■ DATASET EXCERPT ■
+--

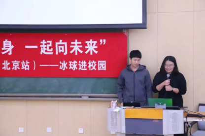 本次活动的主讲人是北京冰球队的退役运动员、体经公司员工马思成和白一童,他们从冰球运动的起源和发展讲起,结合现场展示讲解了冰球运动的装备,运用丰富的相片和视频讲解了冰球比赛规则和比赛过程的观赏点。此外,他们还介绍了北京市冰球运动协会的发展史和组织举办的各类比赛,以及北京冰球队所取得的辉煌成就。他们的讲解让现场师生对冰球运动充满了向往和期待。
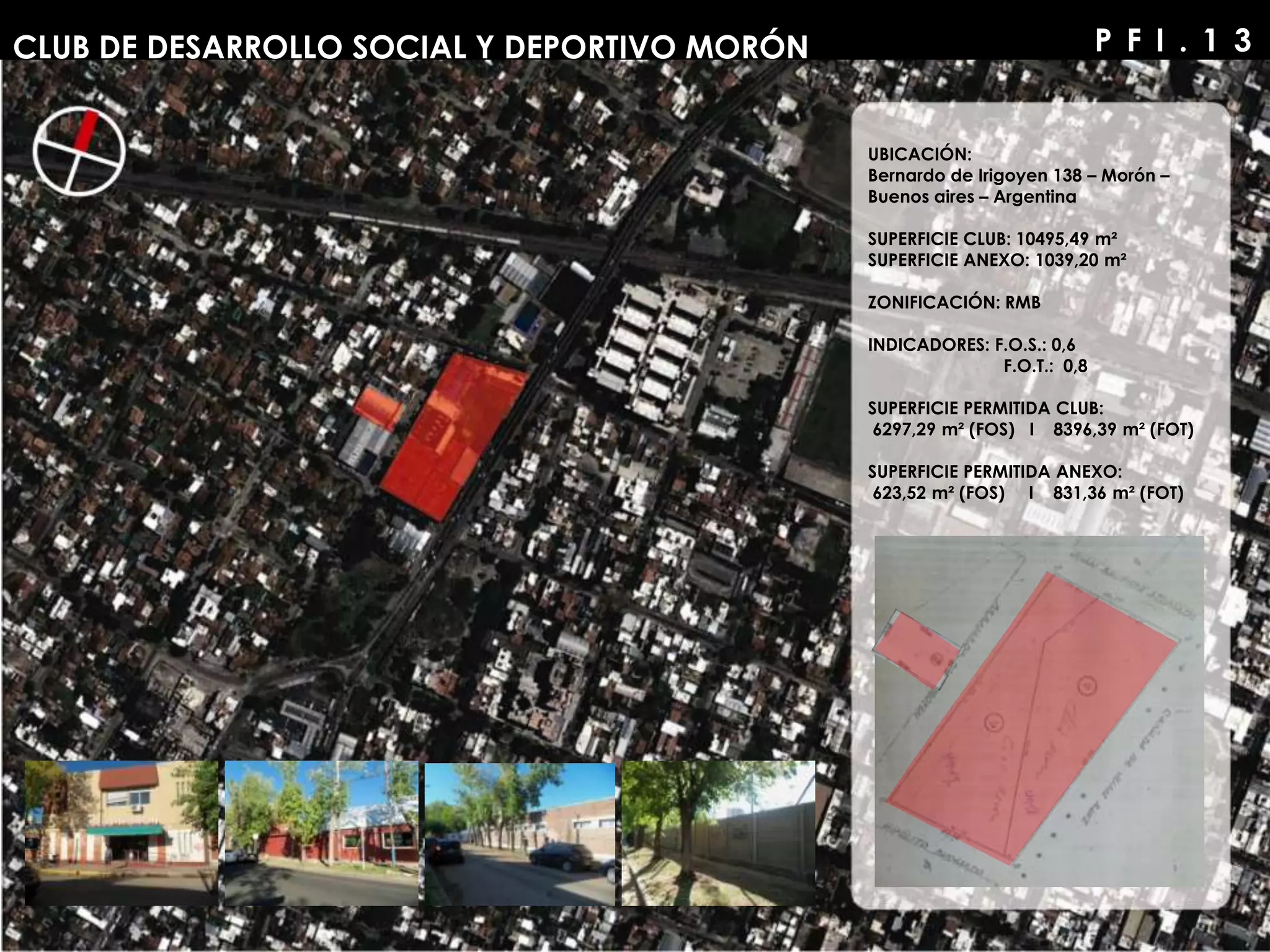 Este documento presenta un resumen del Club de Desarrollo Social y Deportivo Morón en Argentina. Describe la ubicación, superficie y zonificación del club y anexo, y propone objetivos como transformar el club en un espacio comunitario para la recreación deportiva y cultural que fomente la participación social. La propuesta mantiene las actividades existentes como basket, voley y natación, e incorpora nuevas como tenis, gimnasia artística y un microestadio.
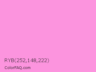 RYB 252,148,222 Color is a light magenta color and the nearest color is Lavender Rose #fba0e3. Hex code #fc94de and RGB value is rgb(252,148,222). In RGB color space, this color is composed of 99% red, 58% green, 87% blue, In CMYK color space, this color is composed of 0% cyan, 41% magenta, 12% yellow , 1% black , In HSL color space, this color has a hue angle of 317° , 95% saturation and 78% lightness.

+--

■ ACTIVITY ■
All of the material above goes into the copy exactly as is; the pictures do not.

■ EXERCISE SOLUTION ■
 本次活动的主讲人是北京冰球队的退役运动员、体经公司员工马思成和白一童,他们从冰球运动的起源和发展讲起,结合现场展示讲解了冰球运动的装备,运用丰富的相片和视频讲解了冰球比赛规则和比赛过程的观赏点。此外,他们还介绍了北京市冰球运动协会的发展史和组织举办的各类比赛,以及北京冰球队所取得的辉煌成就。他们的讲解让现场师生对冰球运动充满了向往和期待。
 Este documento presenta un resumen del Club de Desarrollo Social y Deportivo Morón en Argentina. Describe la ubicación, superficie y zonificación del club y anexo, y propone objetivos como transformar el club en un espacio comunitario para la recreación deportiva y cultural que fomente la participación social. La propuesta mantiene las actividades existentes como basket, voley y natación, e incorpora nuevas como tenis, gimnasia artística y un microestadio.
 RYB 252,148,222 Color is a light magenta color and the nearest color is Lavender Rose #fba0e3. Hex code #fc94de and RGB value is rgb(252,148,222). In RGB color space, this color is composed of 99% red, 58% green, 87% blue, In CMYK color space, this color is composed of 0% cyan, 41% magenta, 12% yellow , 1% black , In HSL color space, this color has a hue angle of 317° , 95% saturation and 78% lightness.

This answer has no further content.